Over the past five years, The Estee Lauder Companies Inc has witnessed a decline in its earnings before interest, taxes, depreciation, and amortization (EBITDA). The three-year growth rate is recorded at -21.4%, while the five-year growth rate is at -3.2%. These figures underscore potential challenges in the company's profitability. Lastly, The Estee Lauder Companies Inc predictability rank is just one star out of five, adding to investor uncertainty regarding revenue and earnings consistency.
Conclusion
The Estee Lauder Companies Inc's financial strength, profitability, and growth metrics, as highlighted by the GF Score, suggest potential underperformance. The company's challenges in managing debt, coupled with declining revenue and profitability, paint a picture of a firm facing significant hurdles. For investors, these insights underscore the importance of a cautious approach when considering The Estee Lauder Companies Inc as a potential investment. As the company navigates these challenges, it remains to be seen how it will adapt and evolve in the competitive beauty market.
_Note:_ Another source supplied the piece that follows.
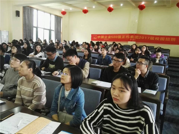 会上杨先玉先生和李茂清先生分别向同学们介绍了公司概况、历史背景以及员工的职业发展方向,让大家对公司有了初步的了解。正邦集团在企业经营过程中形成了“把小公司做成大公司,把大公司做成大家的公司”的核心价值观,追求“以人为本、以正兴邦”的经营哲学,不断弘扬“求实、和合、卓越”的企业精神;光谷云财务公司近年来发展迅速,主要强调团队凝聚力,以“效率最高,口碑最好”为核心竞争力,注重在优秀的应届生中提拔骨干。良好的企业文化有效地推动了两个公司的进步,优秀且稳定的专业管理团队已经成为它们快速、健康发展的基石。本次宣讲会上,两家公司的大门都向我们的毕业生敞开,两位主讲人就所属公司的用人标准和招聘岗位进行了详细的说明,同时,还就各位同学关心的问题,进行了一一回复。

GuruFocus Premium members can find more companies with strong GF Scores using the following screener link: GF Score Screen.
This article, generated by GuruFocus, is designed to provide general insights and is not tailored financial advice. Our commentary is rooted in historical data and analyst projections, utilizing an impartial methodology, and is not intended to serve as specific investment guidance. It does not formulate a recommendation to purchase or divest any stock and does not consider individual investment objectives or financial circumstances. Our objective is to deliver long-term, fundamental data-driven analysis. Be aware that our analysis might not incorporate the most recent, price-sensitive company announcements or qualitative information. GuruFocus holds no position in the stocks mentioned herein.